And then Monica was pregnant. She didn't know how to tell Corry. She feared so much that he would say he couldn't get involved. Contraception had been her responsibility. And Monica had not deliberately forgotten to take the pill. She spent days wondering how to tell him in the way that would least upset him. In the end she didn't have to; he guessed.

'Why didn't you tell me sooner?' he seemed full of love.

'I didn't want to destroy your dream.'

'Now I have two dreams: a family and a movie career,' he said.

They were married three weeks later, and Monica moved in over the laundromat. They found even more work to keep up their funds. Acting lessons cost a lot of money, and people told them that having a baby didn't come cheap either.

By the time that Maria Rosa was born, Corry Salinas had an agent and had been cast as one of three singing waiters in a big musical comedy. Not a great role, his agent had explained, but it would get him on the ladder. It was a vehicle for an ageing and difficult actress who was going to make life hell for everyone during the shoot. And if they liked him, who knew what could follow?

Corry made sure they liked him. He was attentive and endlessly patient for long, long days of work. He treated the First Assistant Director as if he were God. He made special fresh juices for the difficult movie star. She told everyone that he was cute.

The other two singing waiters might let their irritation show, but Corry never did. His ready smile and willingness to please paid off. By the time the shoot was over he had been offered a part in another movie.

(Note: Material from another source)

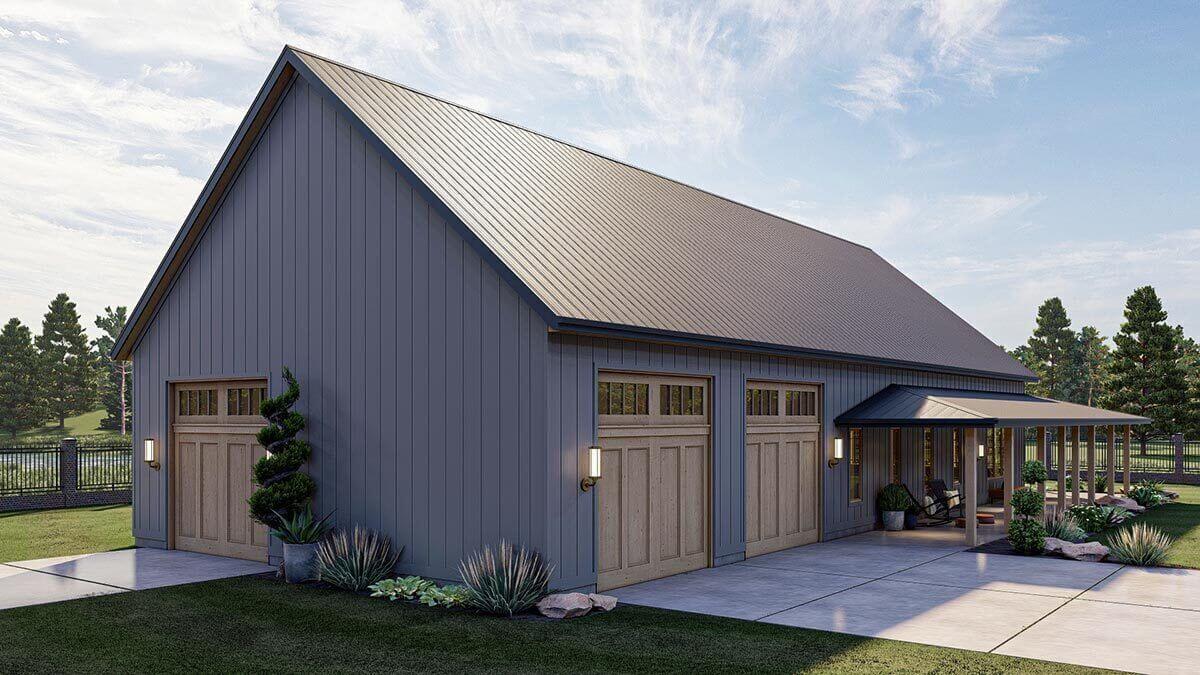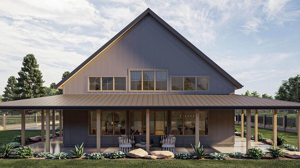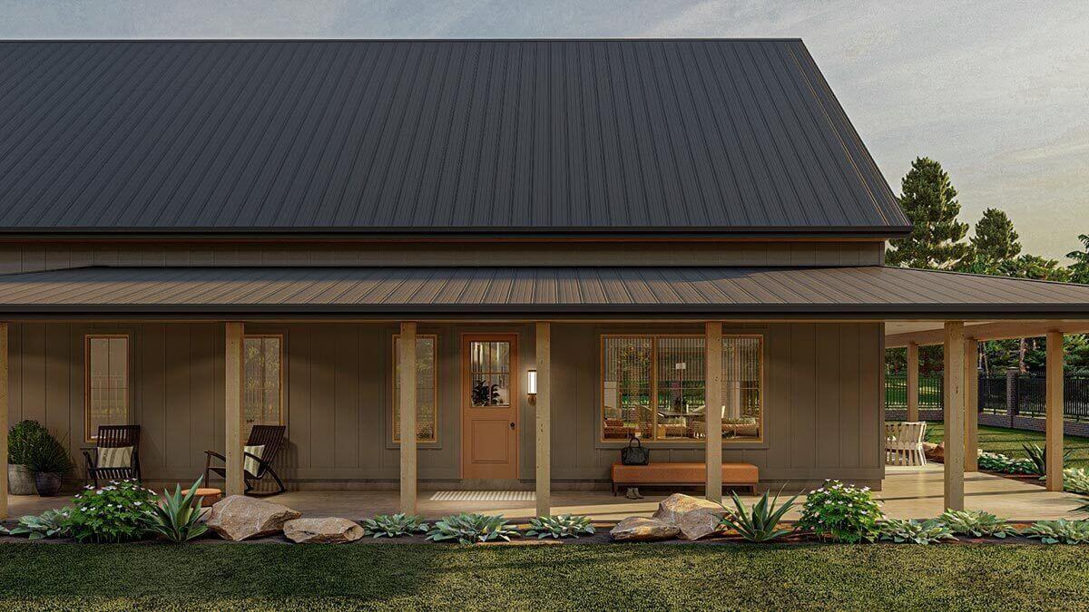 3-Bedroom Barndominium Style House with Massive Wrap Around Porch (Floor Plans)

Maria Rosa was the most beautiful baby in the world.

Monica's family did a great deal to help as they waited hopefully for Monica's husband to get a serious job that paid properly. Corry had no family to help them out but he often wheeled the baby up to the orphanage where he had been raised, and got a great welcome. He always asked if they could tell him anything at all about his own natural parents, and always they said no. He had been left at the gates of the orphanage aged about three weeks with a letter in Italian begging them to look after him and give him a good life.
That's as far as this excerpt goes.